What is needed is an exact copy of the lines in the entries below from the one holding "高三政治--河北省雄安新区202届高三年级第一学期1月期末考试" through the one holding "Slim fitting zip", pictures excluded.

▶ [Raw data]
───

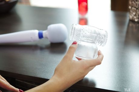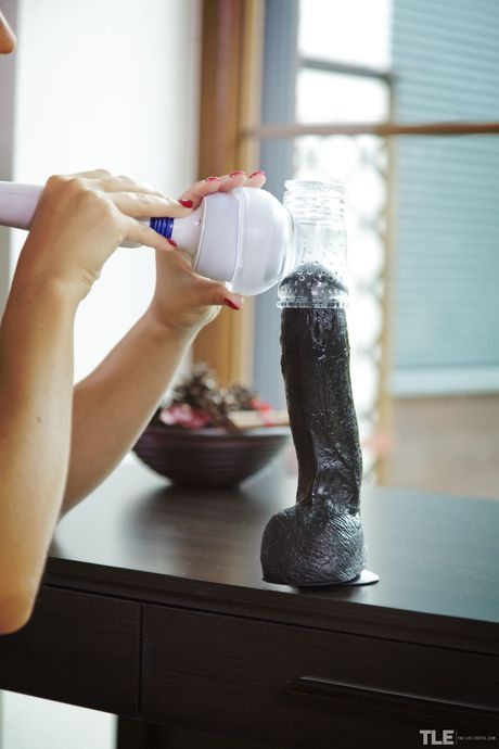 Endearing teen Ornella removes her stockings before masturbating with a dildo
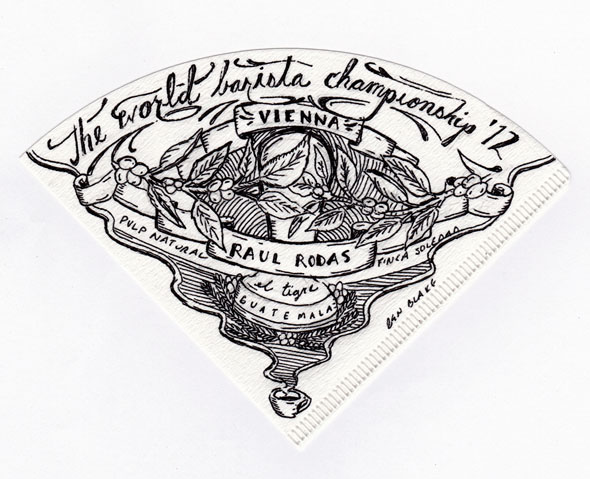 Artist Ben Blake believes that “coffee inspires creativity.” So he uses that theory to celebrate coffee and coffee culture — one filter at a time. Featured on his site, Draw Coffee, Blake uses his mastery of typography and mad doodling skills, to create clever illustrations of almost anything coffee-related.
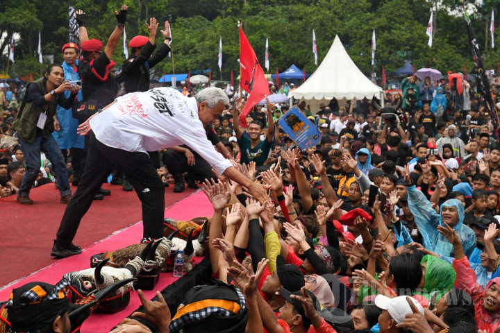 Calon Presiden nomor urut 03 Ganjar Pranowo bersalaman dengan para pelaku seni bantengan saat menghadiri Hajatan Rakyat 1000 Bantengan bersama Ganjar - Mahfud di lapangan Gor Ken Arok, Kota Malang, Jawa Timur, Selasa (30/1/2024). Ganjar Pranowo mengajak bersama ribuan seniman bantengan memenangkan Ganjar - Mahfud pada pemilu 2024 mendatang. SURYA/PURWANTO
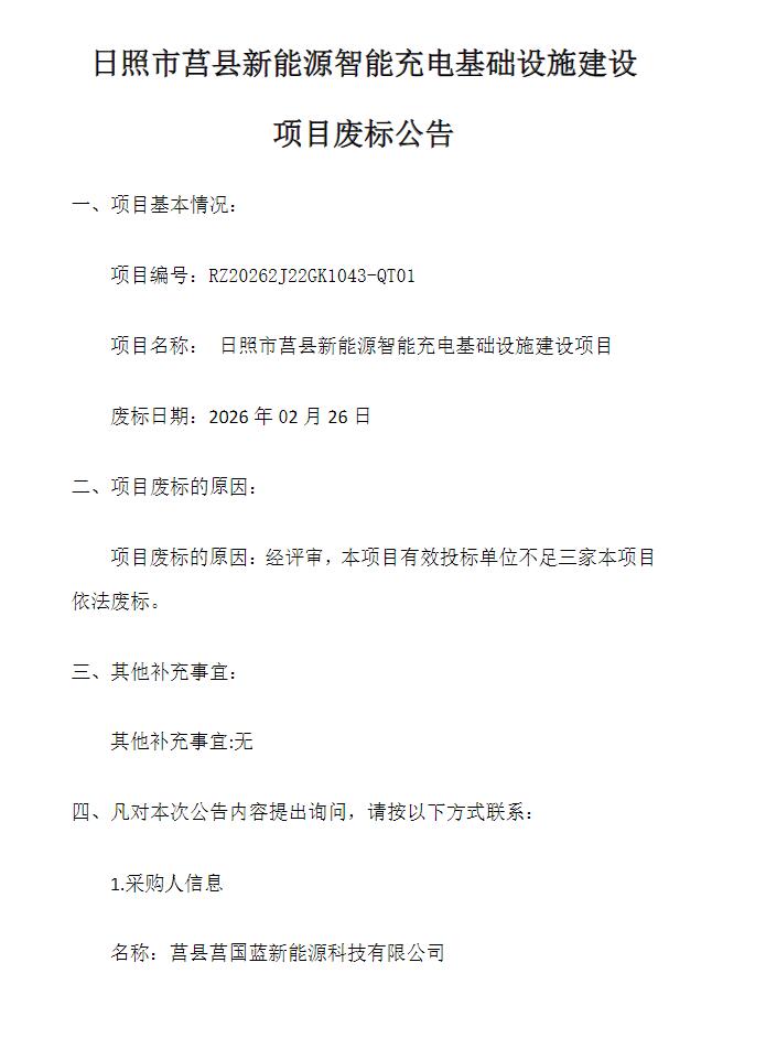 近日,山东日照市莒县新能源智能充电基础举措措施设置装备摆设项目废标通知布告正式发布。
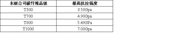 東麗公司碳纖維品級性能表
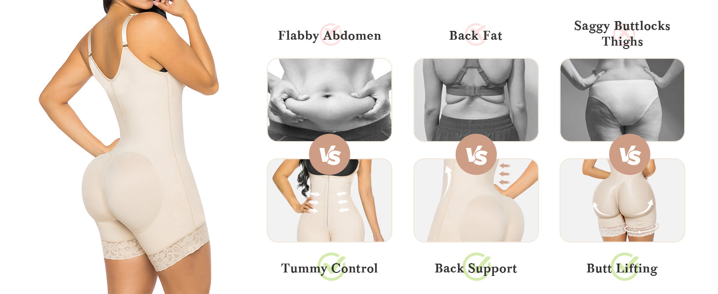 - BUTT LIFT & OPEN CROTCH: The crotch of this faja shapewear for women adopts a zipper opening and closing design, allows you easy access to the toilet without taking off the entire faja colombiana. Lace design at bottom legs can prevent rolling up. Wear this butt lifting shapewear to look even better in your favorite outfits. Charming butt lift can make you enjoy your beautiful curve at anytime.
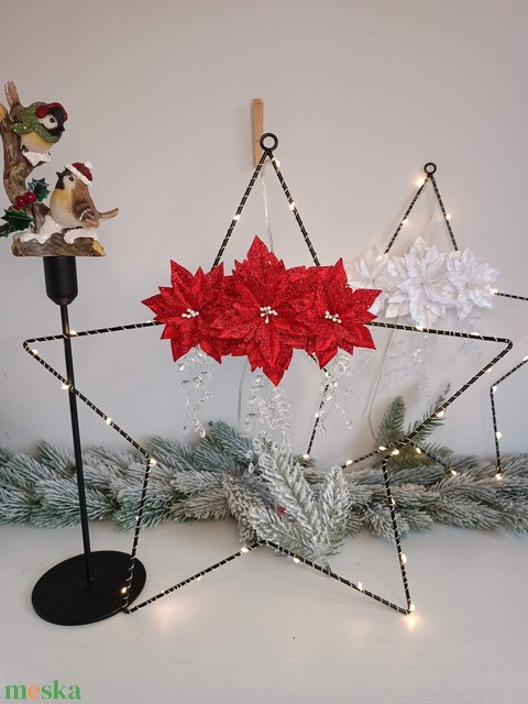 Mikulásvirágos LED-es csillagdísz ablakba, ajtóra
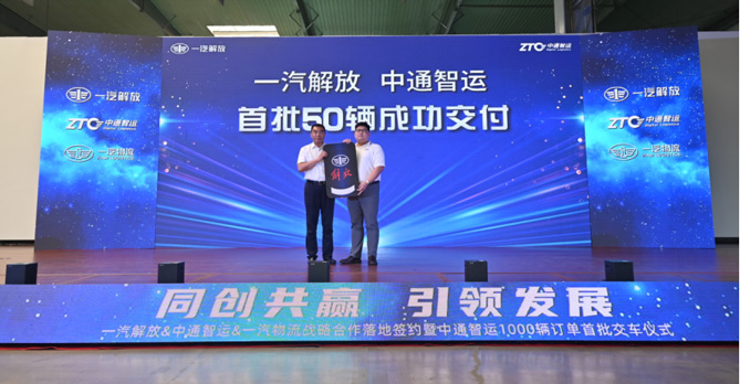 一汽解放營銷總部部長張松向中通智運交付首批訂單車輛
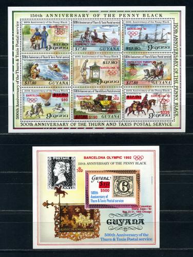 Почтовые марки. Гайана. 1990г. Р.Хилл. Открытие Америки. Олимпиада. Надпечатка красная. №3126-3134. Блок №85.
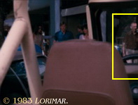 It becomes obvious in this episode how difficult it is for the make-up department to cover LORENZO LAMAS' tattoos. The "make-up" on his right shoulder is partly darker, partly sort of glossy when he moves. Check out # 035 for general information on his tattoos.
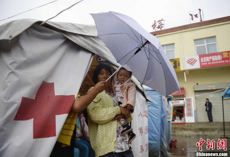 7月24日傍晚,一场中雨袭扰甘肃省定西市岷县梅川镇,给地震灾区民众增加抗灾困难。中新社发 侯宇 摄
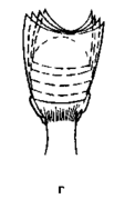 Выбираем на середине затылочной зоны вертикальную прядь и срезаем, укорачивая вниз до 2 см. Эта прядь будет контрольной. Отделяем по всему контуру вертикальные пряди и стрижем, ориентируясь сначала на контрольную, затем на предыдущую пряди, от середины к ушам (рис. г).
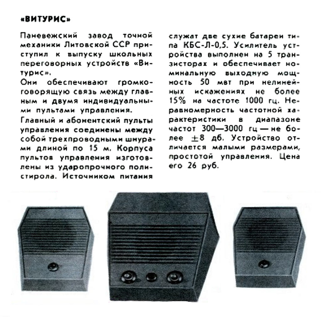 Школьное переговорное устройство "Витурис" выпускалось с 1969 года Паневежским заводом точной механики. Информация в журнале "Новые товары" № 7 за 1972 год.
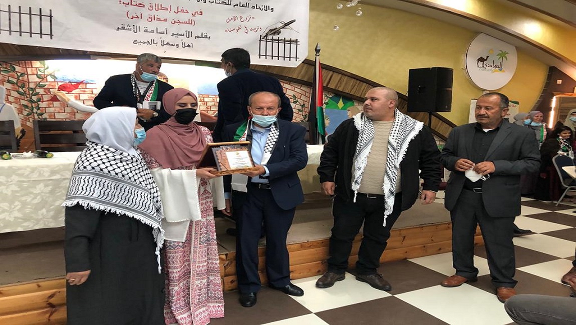 أما عن خطيبة الأسير أسامة الأشقر فقد وجهت الشكر والتقدير للقائمين على هذا الحفل وللمشاركين في إنجاح هذه المبادرة، مؤكدة على أن الأسرى رغم القمع قادرين أن يتخطوا الحواجز والقضبان بأقلامهم بما فيهم شريك عمرها الأسير أسامة الأشقر.
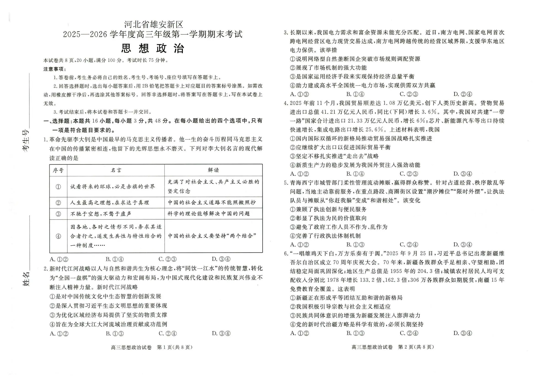 高三政治--河北省雄安新区202届高三年级第一学期1月期末考试
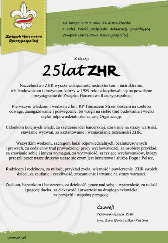 Wczoraj minęło 25 lat jak powstała nasza organizacja. 12 lutego 1989 roku w podziemiach kościoła św. Andrzeja Apostoła na Chłodnej w Warszawie spotkało się 51 przedstawicieli „niepokornych i niezależnych” środowisk harcerskich.
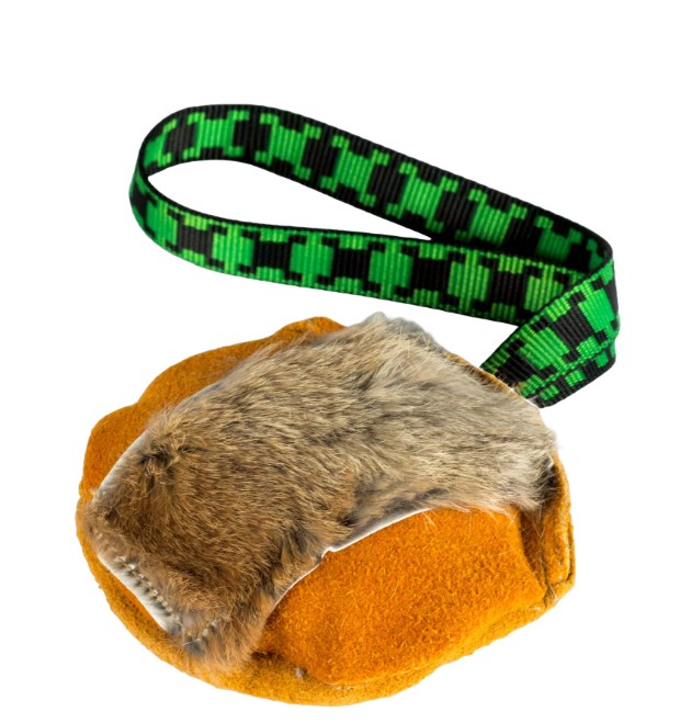 Ydersiden er lavet af blød finsk elglæder og dækket med ægte kaninpels – en tiltalende kombination der giver høj belønningsværdi i træning og leg. Bolden har en kraftig nylon strop som gør den nem at kaste, eller holde ved trækkeleg.
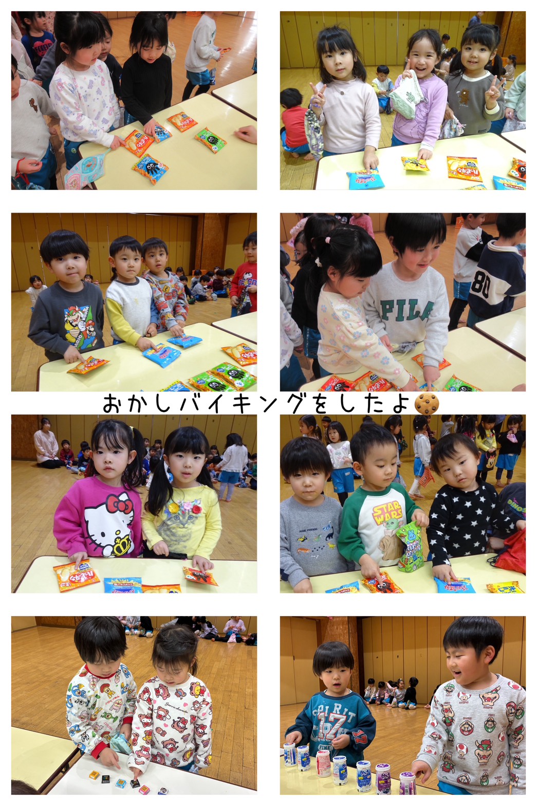 お菓子バイキングを行いました。ほしいお菓子を「これ下さい!」と店員さんに声をかけ、買うことができました。
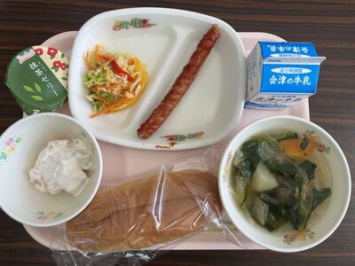 2024年2月13日 16時45分今日は2月生まれのお祝いこんだてです。メニューは、ホイップフルーツサンドパン、牛乳、野菜スープ、ポークウインナー、コールスローサラダ、抹茶ゼリーです(686kcal)。山都小学校の2月生まれのお友達は、みんなで5名です。お誕生日おめでとうございます。
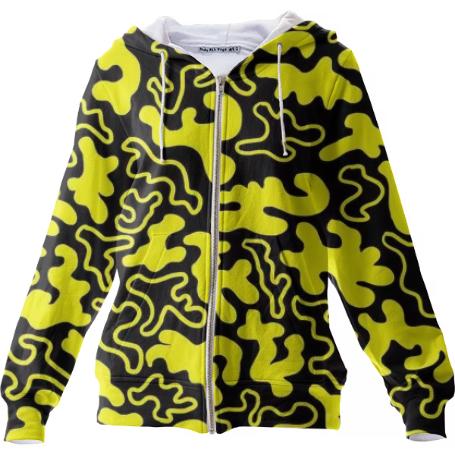 Slim fitting zip up hoodie with front kangaroo pockets metal zipper and drawstring hood.
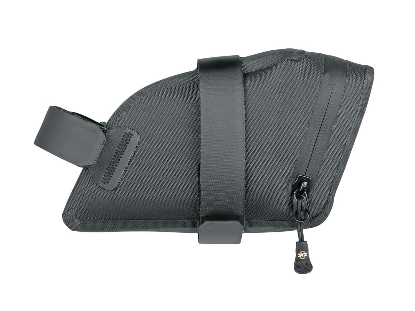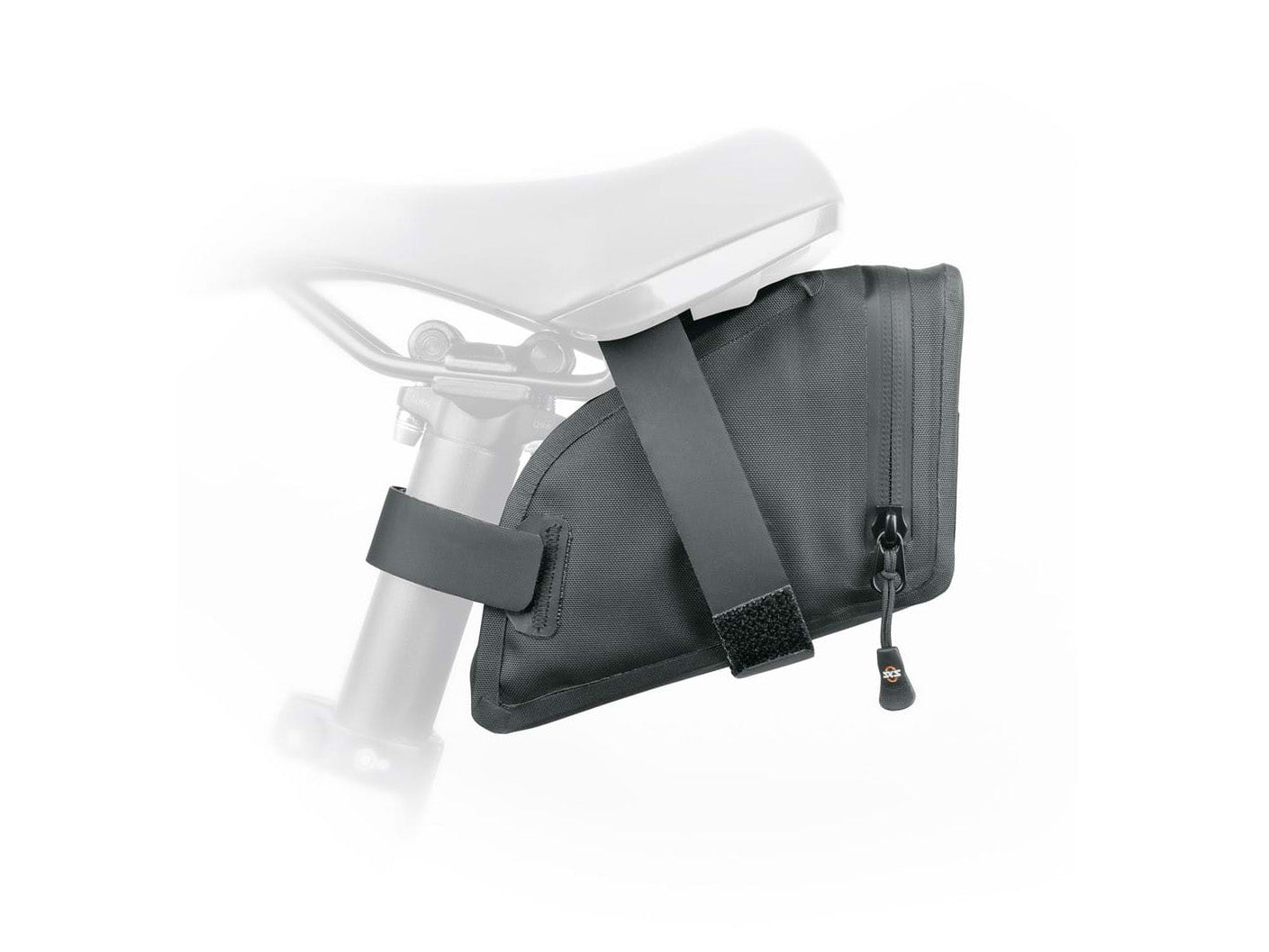 Med skrid­sikre, forkortbare velcrobånd monteres tasken nemt og sikkert under sadlen. Den er udstyret med en baglygteholder samt reflekterende elementer, som øger sikkerheden, når du cykler i mørke.
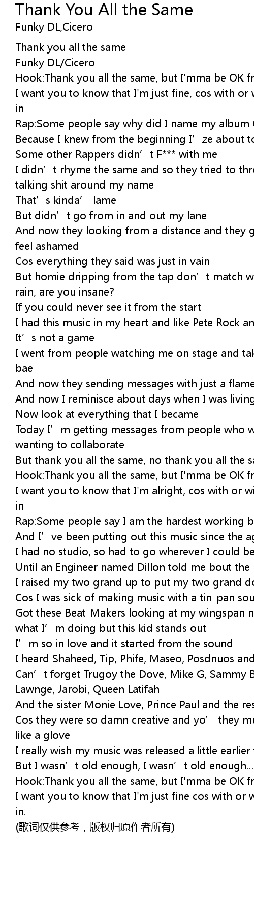 | [02:18.50] | Hook:Thank you all the same, but I'mma be OK from here on in |
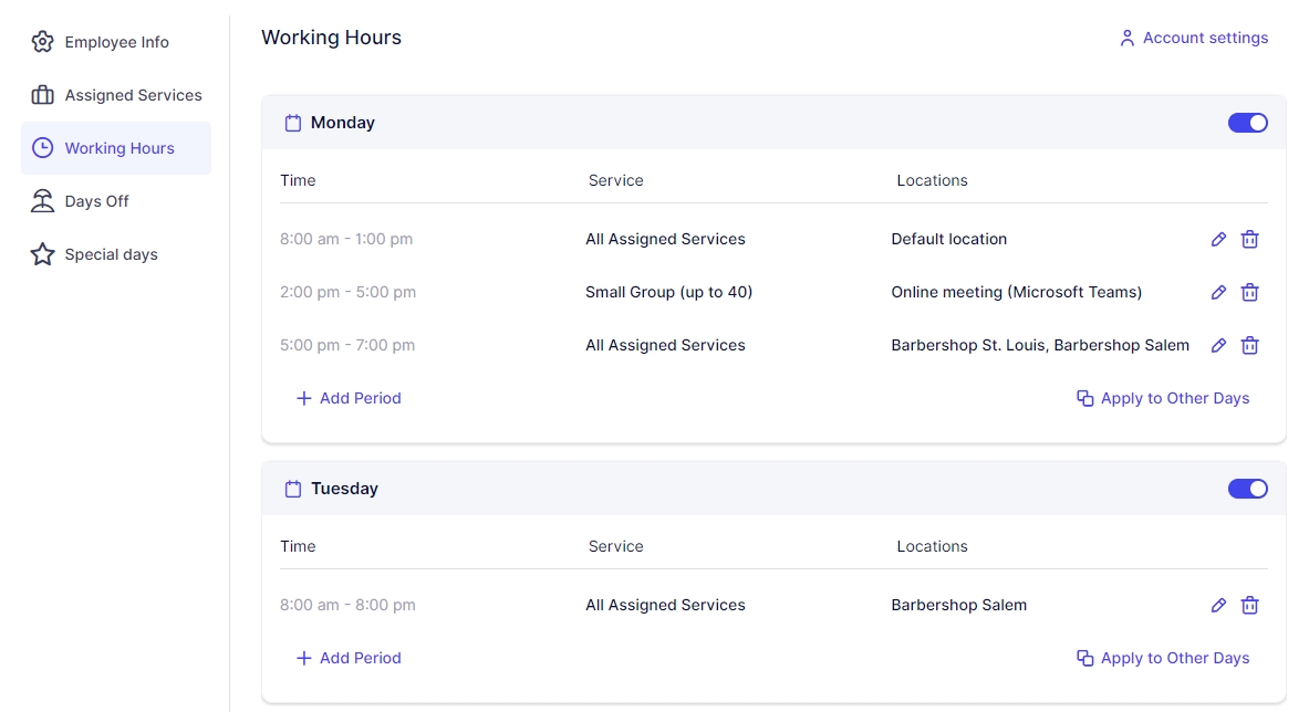 In this case, the employee will cover the Default Location (that doesn’t have to be Microsoft Teams, depending on your configuration) on Mondays, but only from 08:00 am – 1:00 pm, then he’s covering Microsoft Teams exclusively from 2:00 pm – 5:00 pm (this means that the employee will always cover Microsoft Teams even if the default location is changed), and finally, he covers two physical locations from 5:00 pm – 7:00 pm. As showcased in the screenshot above, you can select multiple locations during the employee’s working hours, and you can create multiple working periods so the employee covers different locations per period.

───

▶ [Task solution]
 高三政治--河北省雄安新区202届高三年级第一学期1月期末考试
 Wczoraj minęło 25 lat jak powstała nasza organizacja. 12 lutego 1989 roku w podziemiach kościoła św. Andrzeja Apostoła na Chłodnej w Warszawie spotkało się 51 przedstawicieli „niepokornych i niezależnych” środowisk harcerskich.
 Ydersiden er lavet af blød finsk elglæder og dækket med ægte kaninpels – en tiltalende kombination der giver høj belønningsværdi i træning og leg. Bolden har en kraftig nylon strop som gør den nem at kaste, eller holde ved trækkeleg.
 お菓子バイキングを行いました。ほしいお菓子を「これ下さい!」と店員さんに声をかけ、買うことができました。
 2024年2月13日 16時45分今日は2月生まれのお祝いこんだてです。メニューは、ホイップフルーツサンドパン、牛乳、野菜スープ、ポークウインナー、コールスローサラダ、抹茶ゼリーです(686kcal)。山都小学校の2月生まれのお友達は、みんなで5名です。お誕生日おめでとうございます。
 Slim fitting zip up hoodie with front kangaroo pockets metal zipper and drawstring hood.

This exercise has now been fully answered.